PIX

Hoje o Brasil entrou no radar dos Estados Unidos de novo. O motivo? A boa e velha pirataria. Segundo eles, estamos deixando rolar solto a venda de produtos falsificados, desbloqueio de videogames, caixinhas de IPTV pirata e tudo mais que aparece em lugares como a ‘25 de Março’, no centro de São Paulo.

Nada muito novo sob o sol. O Brasil já foi citado outras vezes em relatórios internacionais por supostamente não proteger direito a propriedade intelectual. Mas agora o buraco é mais embaixo: os EUA abriram uma investigação formal usando a tal da Seção 301, uma lei deles que permite aplicar sanções comerciais contra países considerados desleais no comércio.

Em outras palavras, se eles não gostarem da resposta do Brasil, podem cobrar ainda mais tarifas em cima dos nossos produtos, ou dificultar negociações. Tudo isso por conta da pirataria. Sim, mais tarifas. Porque parece que não basta exportar soja, carne e minério: a gente também tem que seguir as regras do jogo deles, mesmo quando o jogo ignora nossas desigualdades.

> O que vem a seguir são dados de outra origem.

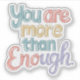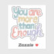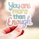 Este adesivo inspirador é um lembrete lindo do seu valor e mérito inerentes. Com a frase empoderadora "Você É Mais do que Suficiente" em uma fonte divertida, este adesivo é uma maneira perfeita de aumentar a autoestima e espalhar positividade. Feito com vinil durável, este adesivo é ótimo para laptops, garrafas de água, diários, espelhos e muito mais. Compartilhe esta mensagem de amor próprio consigo mesmo e com os outros!

E tem mais: o relatório ainda menciona um certo desconforto com o crescimento do Pix como meio de pagamento rápido e difícil de rastrear em transações ilegais. Em tom de crítica velada, os EUA apontam que o Pix pode estar facilitando esse “mercado informal digital”, como se a solução fosse travar a tecnologia em vez de enfrentar a desigualdade que sustenta esse sistema.

Mas peraí. A conversa não pode ser só sobre leis, comércio e métodos de pagamento. Tem uma questão mais profunda rolando aqui. Porque o que os EUA chamam de “ameaça à indústria criativa” é, pra muita gente aqui, a única forma de ter acesso a cultura, diversão e tecnologia. Em um país tão desigual quanto o nosso, nem todo mundo pode pagar por um jogo original, um streaming, um canal por assinatura. Não é questão de escolha. É questão de realidade.

Sim, tem quem lucre com a pirataria. E isso precisa ser discutido. Mas também tem uma diferença entre quem vende DVD pirata na calçada pra pagar o aluguel e quem fatura milhões com serviços clandestinos. E o problema é que, pro olhar de fora, tudo isso é colocado no mesmo balaio.

Quando os EUA chamam a ‘25 de Março’ de “mercado notório”, o recado é claro: “vocês não estão fazendo nada pra resolver isso”. Mas a gente também pode responder: “e vocês, o que têm feito pra combater a exclusão digital e cultural que também vem do modelo de mercado de vocês?”

Pode parecer que a gente está sempre batendo na mesma tecla, e talvez até soe repetitivo falar disso de novo. Mas a verdade é que a pirataria no Brasil é reflexo de um sistema injusto. Não é só sobre burlar a lei. É sobre sobreviver, participar, se entreter, aprender, se sentir incluído.

E não, isso não significa passar pano ou dizer que tudo está certo. Mas também não dá pra tratar o tema com a mesma lógica de quem vê o mundo da janela de um prédio espelhado em Nova York.

Se os EUA querem pressionar, beleza. Mas talvez a melhor resposta do Brasil não seja apenas colocar mais fiscal na rua. Talvez seja abrir um debate mais honesto sobre por que o acesso à cultura, à arte e ao conhecimento ainda é visto como privilégio.

Esse é o ponto.

E a gente precisa enfrentar isso de frente, com coragem e sem vergonha de continuar essa discussão.